“Intellectual nihilism becomes boring in the end because it just seems to be an expression of unresolved adolescence. Moreover, in practise it is tied to a substantive conservatism: all attempts at serious analytical explanation are derided, leaving force and established mores in possession.”
Stefan Collini’s essays on the literary and intellectual culture of Britain from, roughly, the early twentieth century to the present, from which the above fragment comes, are stimulating and thought provoking. I’ve been reading the essays in Common Reading and intend to read his latest Common Writing, before taking in his earlier Absent Minds.
Discovery of Collini’s work is timely as I have little appetite for fiction at present. I found David Bellos’s Is That a Fish in Your Ear? rewarding. Its humour is endurable; lurking beneath is a decent study of the art and ethics of translation along the lines of Edith Grossman’s Why Translation Matters.
Last night, on my way back from listening to Alexander Kniazev & Nikolai Lugansky perform at Wigmore Hall, I listened to a Craig Raine interview on Radio 4. I find Raine’s work puerile but he quoted a letter of Henrich Heine’s that I found both unusual and beautiful. The “macaroni” is a good touch.

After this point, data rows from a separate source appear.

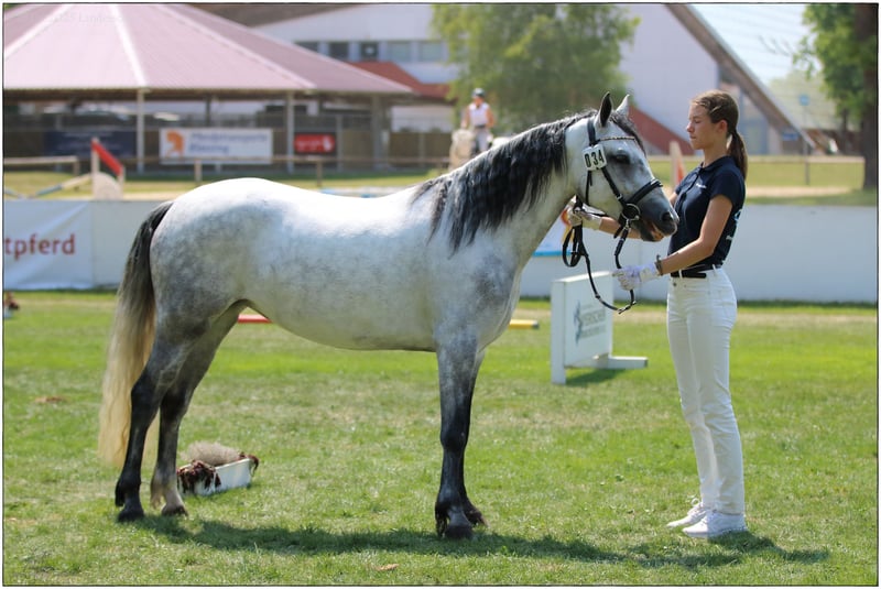 Lisbergs Lady Liberty Lisbergs Lady Liberty ist eine sehr schöne im Ponymass stehende Rappstute aktuell mit 1,43 m und wird die 1,48 m nicht überschreiten! Lisbergs Lady Liberty wurde am 12.06.2019 im schönen Lisberg morgens um 6.16 h geboren. Lisbergs Lady Liberty ihr HWSD-Status lautet N / N, dass heisst kein Träger und ideal zum Züchten auch mit seltenen Blutlinien der Rasse Connemara. Lisbergs Lady Liberty Mama ist Amy's Lady von Curraghakeen Cashel und mütterlicherseits von Westside Mirah und anderen Top-Vererbern der Connemara-Zucht. Die Mutter Amy's Lady ist auch eine leistungsgeprüfte Zuchtstute mit 7,68 zufällig das selbe Prüfungsergebnis wie Ihre Tochter Liberty. Liberty verfügt über ein gesundes Selbstbewusstsein welches ein gutes Sportpony für seine Zukunft braucht. Ihre 3 Grundgangarten sind ausdrucksstark mit guten Bewegungen schöner Balance, sie verfügt über eine gute Springmanier und hat auch auch schon ein paar kleine Sprünge mit dem Reiter absolviert. Liberty ist das ideale Pony für einen besseren Reiter, der viel mit seinen Pony lernen und erleben möchte. Sie wäre auch ein gutes Busch-Pony, da Liberty ein mutiges Pony ist. Lisbergs Lady Liberty ist bisher das einzigste Leistungsgeprüfte von dem Wirthsmühle Dark Diamond Pony. Dark wurde Siegerhengst der Sportponies bei der Körung am 10.03.18 – mit einer sensationellen Note von 8,0 im Körprotokoll! Leistungsprüfung sein enormes Vermögen, mit einer sensationellen Note von 8,7 Punkten. Zudem hat Dark im Januar 2023 auf der FN Bundesschau in Berlin die begehrte Bundesprämie erhalten. Liberty geht ganz nach Ihrem sportlichen Vater und hat all das liebenswerte und auch die Schönheit von Ihrer Mama Amy's Lady genau wie die sportliche Leistungsbereitschaft! Liberty ist Barhuf und liebt es sich in der Natur zu bewegen! Beim Auf- und Absitzen ist sie super entspannt! Auf Grund ihres guten Charakters und der Freundlichkeit gegenüber anderen Pferden und Hunden wäre sie auch ein gutes sicheres Geländepferd für einen nicht so starken Reiter auch mit Hund oder für die Reitjagd! Wir legen im Moment eher den Schwerpunkt in die Geländesicherheit und auf das Reiten im Strassenverkehr! Selbstverständlich geht Liberty auch alleine ins Gelände, kann zu einer Gruppe hin und auch wieder weg geritten werden und kommt mit dem Reiter auf dem Rücken wieder nach Hause! Liberty ist mit 7,68 Punkten in Ansbach am 25.04.2023 Leistungsgeprüft worden. Lisbergs Lady Liberty wurde bei der Stutbucheintragung am 17.05.2023 in Burgebrach mit 7,57 Punkten nach München zur Landesschau eingeladen! Auf der Landesschau erhielt unsere Lisbergs Lady Liberty den Titel Prämienstuten-Anwärterin und sind sehr stolz auf diese schöne typvolle junge Stute, danach schickten wir unsere Lisbergs Lady Liberty in die Sommerferien und jetzt ist sie frisch erholt aus Oberbayern zurück und die Arbeit beginnt langsam wieder. Liberty hat kein Sommerekzem und andere Unarten wie Weben oder Koppen! Lady reist gerne mit Pferdetransporter oder im LKW! Sie ist ein ideales Pony für Leute die es ein Pony im Ponymass möchten. Liberty verfügt über schöne raumgreifende Grundgangarten, wobei der Galopp besonders hervor sticht und in der Offenstallgruppe und im Panel-Boxenstall und in der Box benimmt sie sich hervorragend.Liberty ist sie grundimunisiert mit EHV 1,4 sowie Tetanus und Pferde-Influenza und regelmässig entwurmt! Leider passt unsere Lady nicht mehr in unser neues Zuchtkonzept, da sie mit unseren „neuen“ Connemara Hengst für unseren Geschmack zu ähnlich ist, daher jetzt der schwere Verkauf dieser weissen bayrischen irischen Elfe. Das komplette Pedigree von Lisbergs Lady Liberty finden Sie in der Abteilung Dokumente, da ehorses häufig die Abstammungen nicht komplett wiedergibt genauso wie Ihre Leistungsprüfung vom 25.04.2023. Nicht vergessen, darf man das Connemara Ponies erst mit 7-8 Jahren komplett ausgewachsen und entwickelt sind, daher ist eine altersgerechte Reiterei ein Garant für lange Freude am Pony! Gut gepflegte Connemaras sind langlebig und 30 Jahre ist keine Seltenheit bei der Rasse. Sollten Ihnen Lisbergs Lady Liberty gefallen, wenden Sie sich bitte direkt an die angegebenen Nummern aus der Anzeige und geben Sie bei einer email Ihren Namen und Ihre Mobilrufnummer an- gerne können Sie uns auch direkt über WhatsApp unter 00491713415878 kontaktieren, in unserem schönen Ort funktioniert das mobile telefonieren leider nicht oder nur sehr schlecht! Pro Besuch auf unseren Betrieb erheben wir eine Kennenlern-Pauschale von 50€ wochentags und 70€ an Sonn- und Feiertagen! Liebe Grüsse und vielleicht bis bald - Gestüt Lisbergs ist immer eine Reise wert!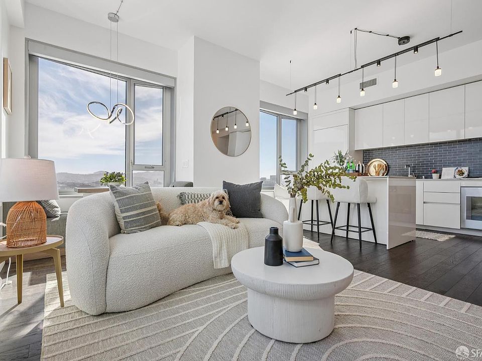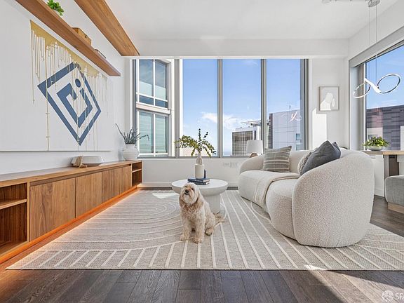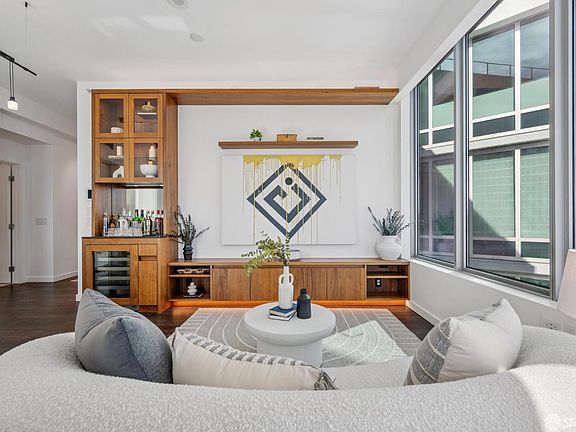 Penthouse-level residence at One Mission Bay! This spacious two-bedroom, two-bath condo with a den features nearly 10-foot ceilings and bright south and west-facing views of Mission Creek, Twin Peaks, Sutro Tower, and gorgeous sunsets every evening. Thoughtfully upgraded with smart home automation, Lutron lighting, electric blinds in every room, and an abundance of custom built-ins that maximize storage and organization, making the most of every square inch. The den offers a perfect flex space for a home office, reading nook, or extra storage. Additional highlights include in-unit laundry, air conditioning, a dedicated parking space with an EV charger, and a built-in wine storage feature in the living room. Located on a limited-access penthouse level shared by only seven residences for added privacy. One Mission Bay offers resort-style amenities: a heated outdoor pool with cabanas, state-of-the-art fitness center and sauna, 24-hour attended lobby, resident lounge, game room, bike storage, and a guest suite for visitors. Ideally located near Mission Creek, Oracle Park, Chase Center, and waterfront trails.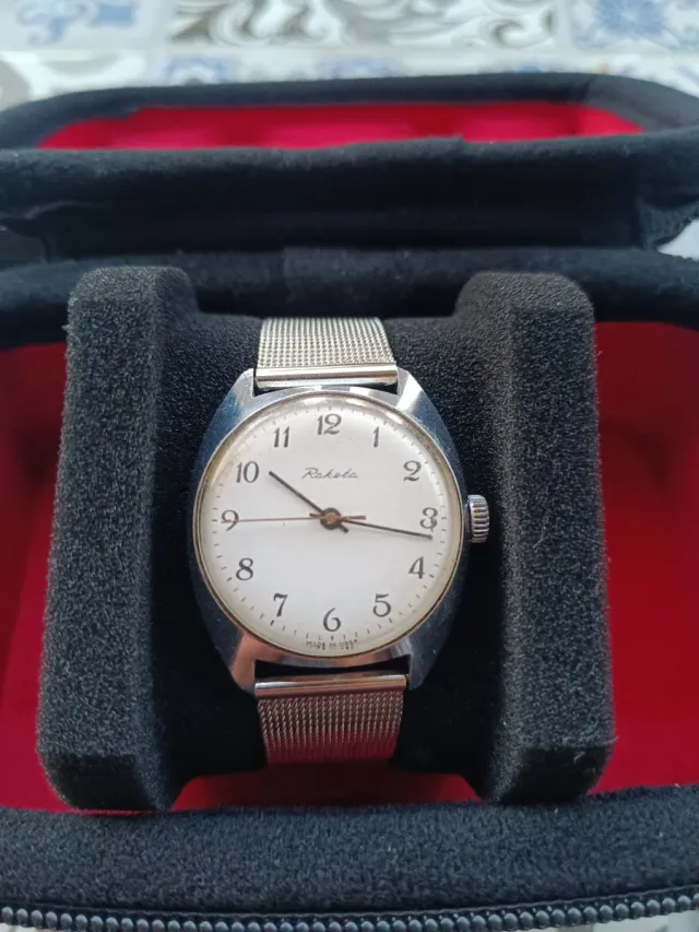 Reloj mecánico de la marca Raketa, fabricado en la URSS. - Esfera blanca. - Correa de malla metálica. - Diseño clásico y elegante. Más de 50 años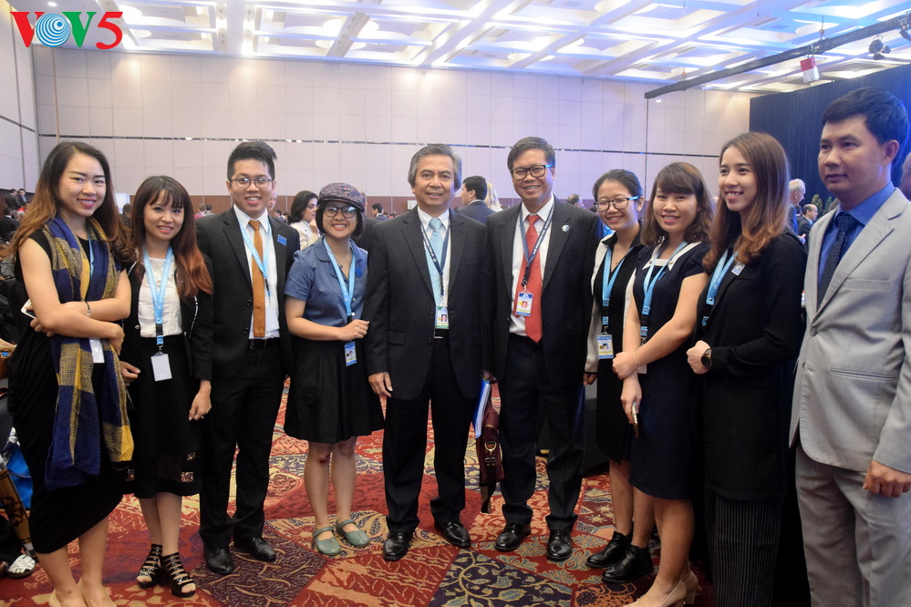 Yang menghadiri forum ini, ada Wakil Presiden (Wapres) Indonesia, Yusuf Kalla, Menteri Luar Negeri (Menlu) Indonesia, Retno Marsudi dan 100 wakil asal 96 negara dan organisasi internasional, seperti ASEAN, Uni Eropa, PBB dan lain- lain.... |

“There is nothing new to tell you, my dear Robert, except that I am alive and still love you. The last will endure as long as the first, for the duration of my life is very uncertain. Beyond life I promise nothing. With the last breath all is done: joy, love, sorrow, macaroni, the normal theatre, lime-trees, raspberry drops, the power of human relations, gossip, the barking of dogs, champagne.”